Personal information
- Full name: Henry Blair Mayne
- Born: 23 August 1813 Limpsfield, Surrey
- Died: 17 January 1892 (aged 78) Brighton, Sussex

Domestic team information
- 1834–1838: Oxford University
- FC debut: 12 August 1833 Gentlemen of Kent v Marylebone Cricket Club (MCC)
- Last FC: 23 August 1849 Gentlemen of Kent v Gentlemen of England

Career statistics
| Competition | First-class |
| Matches | 18 |
| Runs scored | 130 |
| Batting average | 5.65 |
| 100s/50s | 0/0 |
| Top score | 17 |
| Balls bowled | ? |
| Wickets | 5 |
| Bowling average | ? |
| 5 wickets in innings | 0 |
| 10 wickets in match | 0 |
| Best bowling | 3/? |
| Catches/stumpings | 7/– |
- Source: CricInfo, 28 August 2020

= Henry Mayne =

English cricketer and lawyer

Henry Blair Mayne (23 August 1813 – 17 January 1892) was an English lawyer and amateur cricketer who played first-class cricket between 1833 and 1849.

==Life==
A son of the Rev. Robert Mayne, Rector of Limpsfield, by his wife Mrs Charlotte Cunningham née Graham, he was educated at Westminster School and Christ Church, Oxford, where he matriculated in 1831 and graduated B.A. in 1835, proceeding M.A. in 1838. At school Mayne was a rower, continuing to row at stroke for Christ Church as well as playing first-class cricket for Oxford University.

Mayne studied law at the Middle Temple where he was called to the Bar in 1845. From 1850 he served as a Clerk in the Private Bills Office of the House of Commons, becoming its Principal Clerk in 1870.

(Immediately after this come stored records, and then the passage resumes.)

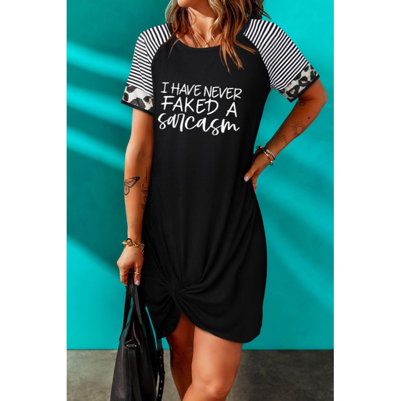 Black Letters Print Twisted Patchwork Sleeve Mini Dress
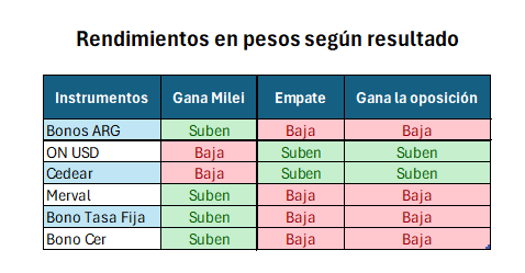 Vamos a analizar tres posibles resultados como interpretación del mercado: que gane Milei, un empate o que gane la oposición:
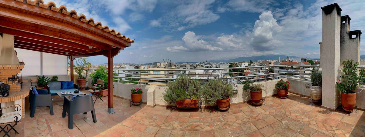 位於市中心,明亮舒適的30平方公尺頂樓單間公寓,配有大型私人露臺,可俯瞰雅典市和利卡貝圖斯山,享有獨特的雅典衛城景觀。非常適合週末度假、探索城市和遠程工作。 -步行15分鐘即可抵達Kolonaki區,這是雅典時尚的中心,有很多咖啡廳、餐廳和酒吧。 -步行25分鐘即可抵達憲法廣場和歷史悠久的市中心。 -距離迷你市場1分鐘路程。
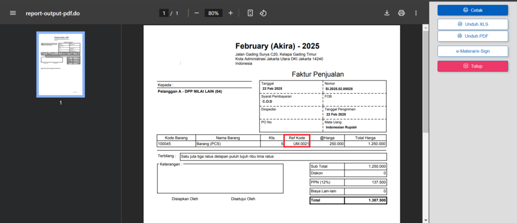 Jika langkah-langkah di atas dilakukan dengan benar, maka saat Anda mencetak faktur penjualan menggunakan desain cetakan tersebut, akan muncul informasi Ref. Kode Pajak (Satuan) Barang pada detail barang. Hal ini membantu memastikan transaksi lebih transparan dan memudahkan proses verifikasi pajak.
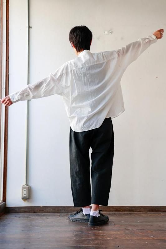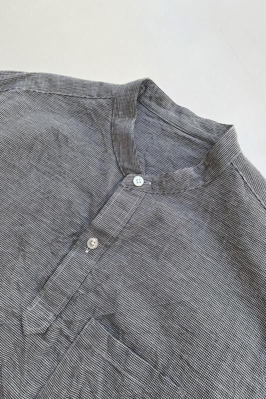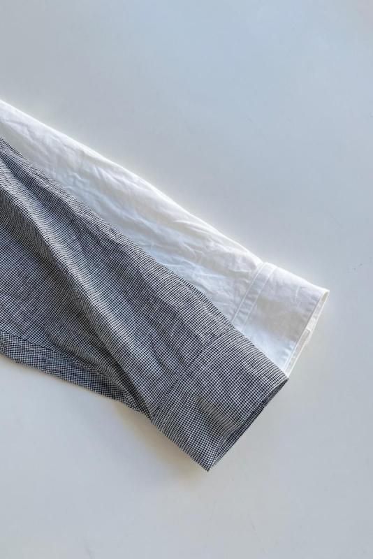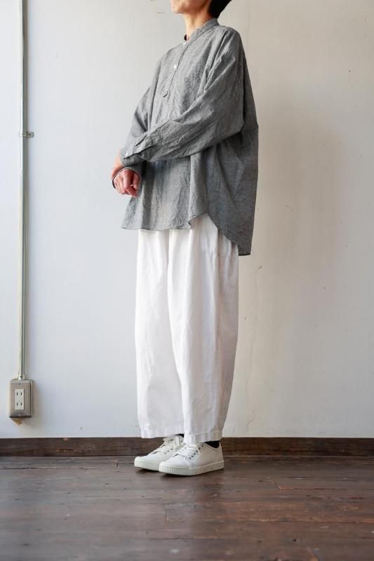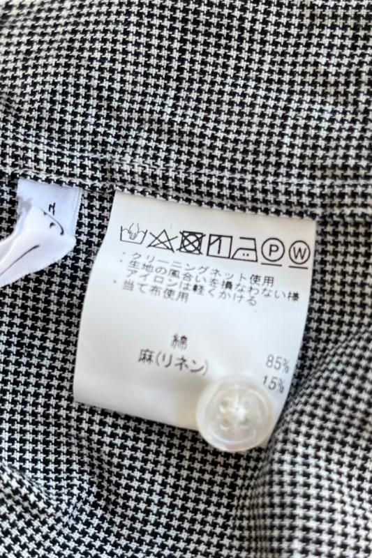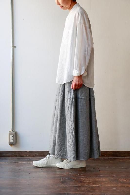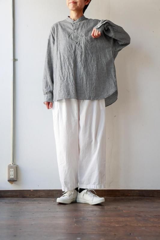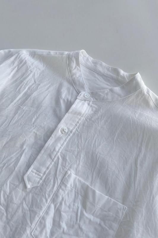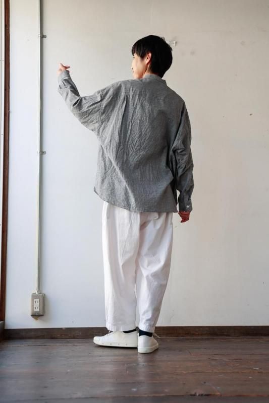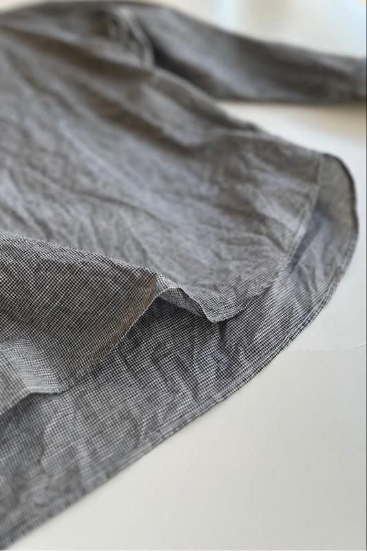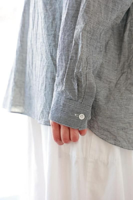 商品名 ゴーシュ コットンリネンガーゼ スタンドカラーシャツ 素材 綿85%、麻(リネン)15% カラー 千鳥柄、ホワイト サイズ 2 (ワンサイズ) 肩幅 58.5 身幅 62 着丈 ホワイト:前67、後ろ71 /千鳥柄:前69.5、後ろ72.5 袖丈 48.5(cm) *個体差があります。サイズの多少の誤差はご了承くださいませ。 2025年秋冬。ゴーシュの新作シャツです。 すぐに着られるサラサラした素材。 新型のスタンドカラーシャツは、 ふわっと着ていただく、ゆるいシルエットになります。 いつもと違う雰囲気で、太めのパンツで ゆるっとしたコーディネイトもおすすめです。 身長160センチ 薄手のコットンリネン生地になります。 柔らかさの中に、ほんのり麻のサラッとした手触りを感じられる、 ナチュラルな風合いです。 *製品洗い加工が施してありますので、洗いざらしの強めのシワ感があります。 自然な風合いをお楽しみ下さい。 一点一点に多少の歪みやシワ感、サイズの個体差があります。予めご了承下さい。 リネン混の生地に季節は関係ないそうです。 リネンには熱を保つ効果があり、混紡する素材や厚みによっては、秋冬も活躍する生地になるのです。 長いシーズン使える便利な素材ですね。 袖丈はやや長め。 袖口はカフスのデザインですので、 お好みでロールアップして下さいね。 ホワイトの方が透け感が多めです。 ホワイトは、麻のムラ糸感があり、薄い点々のようなものがみられます。 風合いのひとつとしていただければと思います。 *インナーに黒のタンクトップ着用 ボトムをスカートに変えてみました。 ※パソコンのモニター環境により、商品の色味が実物と異なって見える場合がございます。 予めご了承ください。
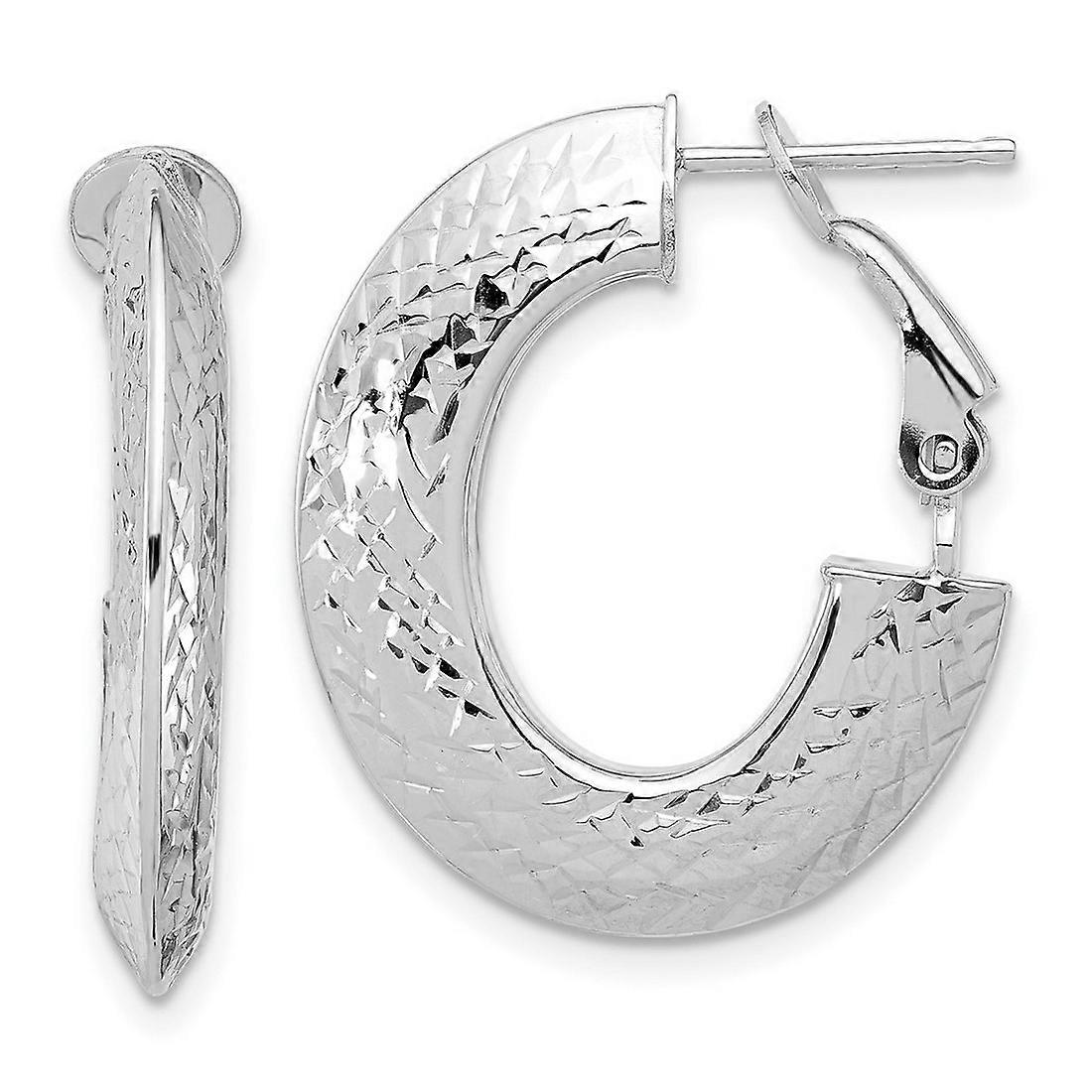 14k Solid Gold With White Rhod Polished and Sparkle Cut Omega Back Hoop Earrings 25.75x22mm Wide 3.5mm Thick-Hoop Earrin
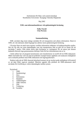 XML som informationsbärare vid epidemiologisk forskning
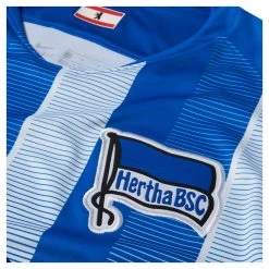 Das Hertha BSC Stadium Home Herren-Fußballtrikot 2018/19 aus atmungsaktivem, schweißableitendem Material sorgt auf dem Platz sowie in der Freizeit für kühlen, trockenen Tragekomfort.
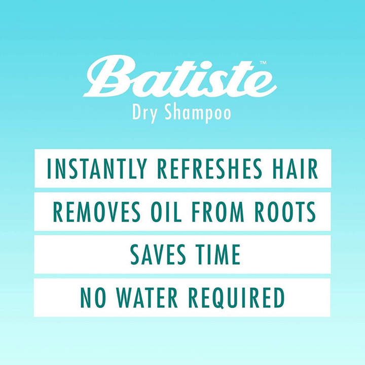 Batiste Dry Shampoo, the in-between shampoo - perfect for hair that feels greasy and lifeless between washes. Quick and convenient to use at home or on the move. Leaves hair feeling clean, fragrant and full of body. Batiste Dry Shampoo Hair Benefits in Damage Control (200ml). Feeling frazzled? This breakthrough formula, with strengthening keratin, will refresh hair and help protect it against damage caused by heat styling and over-processing - leaving it looking healthy and feeling fab. Works on any hair type, but it’s ideal for dry, damaged hair. Batiste Dry Shampoo instantly refreshes your hair when you don't have time (or the energy!) for a full on get ready session. Spray in the morning when you want to sleep in, at your desk for a midday boost, or take Batiste with you to the gym, on holiday, and beyond. It instantly absorbs oil from the scalp, revitalises dull and lifeless hair and helps to eliminate odour – leaving you with fabulously fresh-looking hair in a moment. Directions: A few easy steps to game-changing hair. First, shake the bottle vigorously. Section hair and hold the nozzle about 12 inches away as you spray. Leave in a few moments, then massage into the scalp with fingertips to distribute evenly. For maximum damage protection spray all over and work through. • Batiste Dry Shampoo in Damage Control (200ml) spray • Safe for use on coloured hair • Suitable for hair types that become oily in between washes • Sulfate & sodium free – safe to use on keratin treated hair Batiste products are safe to use across the hair colour spectrum! And by washing your hair less, you can help extend your hair colour. White residue is a perfectly normal part of the dry shampoo process and will disappear quickly. To help reduce the amount of whiteness shake the can well, spray 12 inches from roots, massage thoroughly and brush away excess residue. Live like nobody’s washing! No time to wash your hair? Batiste Dry Shampoo is an innovative formula that boosts body and helps eliminate oily roots, giving dull lifeless hair an instant makeover without water. A quick spray revitalises hair leaving it looking and feeling clean, no drama.
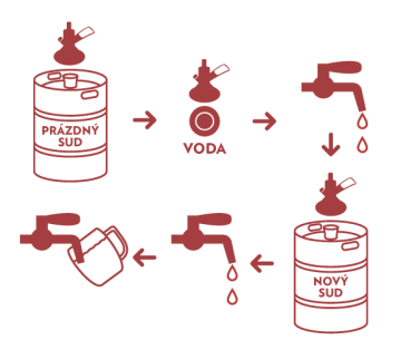 - Před naražením sudu i tanku zkontrolovat čistotu fitingu/ narážecí armatury tanku a fiting sudu opláchnout pitnou vodou.
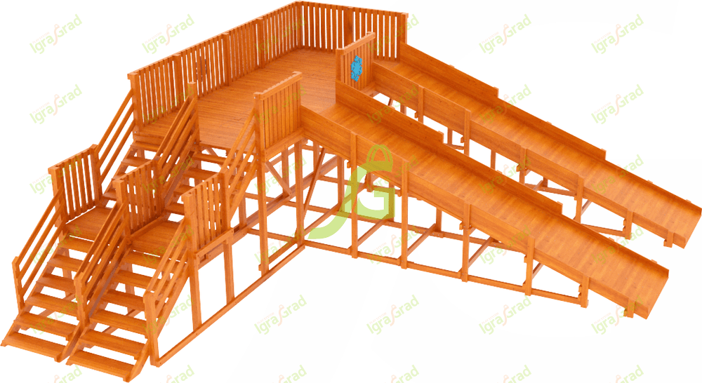 Зимняя горка "Snow Fox" со скатом 5,9 м - это отличный выбор для активного отдыха на свежем воздухе в холодное время года. Она подойдет для детей и взрослых, предлагая безопасное и веселое времяпровождение. Главная особенность этой модели - два параллельных ската, которые позволяют кататься одновременно или устраивать дружеские соревнования. Конструкция горки предусматривает две лестницы с перилами, что исключает толкотню и помогает детям научиться соблюдать очередность. Высота горки составляет 3,1 м, а длина ската - 5,9 м, что обеспечивает захватывающий спуск. Общие габариты площадки - 8,41 м в ширину и 7,8 м в длину. Скаты оборудованы бортиками для дополнительной безопасности, а ступеньки имеют ребристую поверхность, предотвращающую скольжение. Для изготовления горки используется клееный брус 90х90 мм для несущих стоек и брус 45х90 мм для стоек ската. Толщина доски элементов ската - 35 мм. Все деревянные детали обработаны нетоксичной пропиткой на водной основе, которая защищает древесину от воздействия погодных условий и продлевает срок службы конструкции. Горка соответствует требованиям ГОСТ и может быть использована как на частных территориях, так и в общественных местах. Мы доставляем площадки по всей России. Доставка до терминала транспортной компании в вашем городе бесплатна. Вы можете собрать горку самостоятельно, это займет 1-2 дня, или воспользоваться услугами наших опытных мастеров. В комплекте с горкой вы получите подробную инструкцию по сборке и эксплуатации.
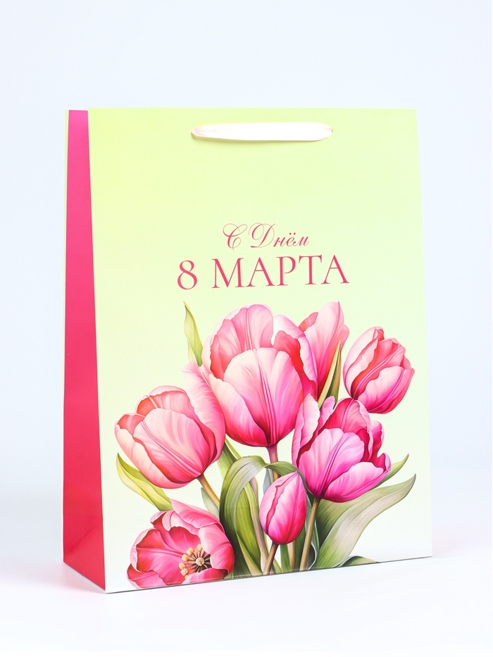 Этот яркий и праздничный подарочный пакет станет идеальным выбором для поздравления девушки на 8 Марта! Вертикальный формат пакета позволяет удобно разместить различные виды подарков, такие как косметика, украшения или книги.

Mayne, notable among the group which helped to write the rules of Short Whist, died at Brighton in Sussex on 17 January 1892, aged 78.

==Cricketer==
Mayne played in 18 first-class cricket matches between 1833 and 1849, for a variety of teams. He made his first-class debut in 1833 for the Gentlemen of Kent before playing four times for Oxford University between 1834 and 1838. He played for a Kent team in 1835, before the foundation of the County Club, and went on to play once for Kent County Cricket Club in 1844. He made seven appearances for Marylebone Cricket Club (MCC), four for the Gentlemen of Kent and one for the Gentlemen of England. He played regularly in club cricket for I Zingari, MCC, and Bramshill in Hampshire.

==Bibliography==
- Carlaw, Derek (2020). "Kent County Cricketers, A to Z: Part One (1806–1914)"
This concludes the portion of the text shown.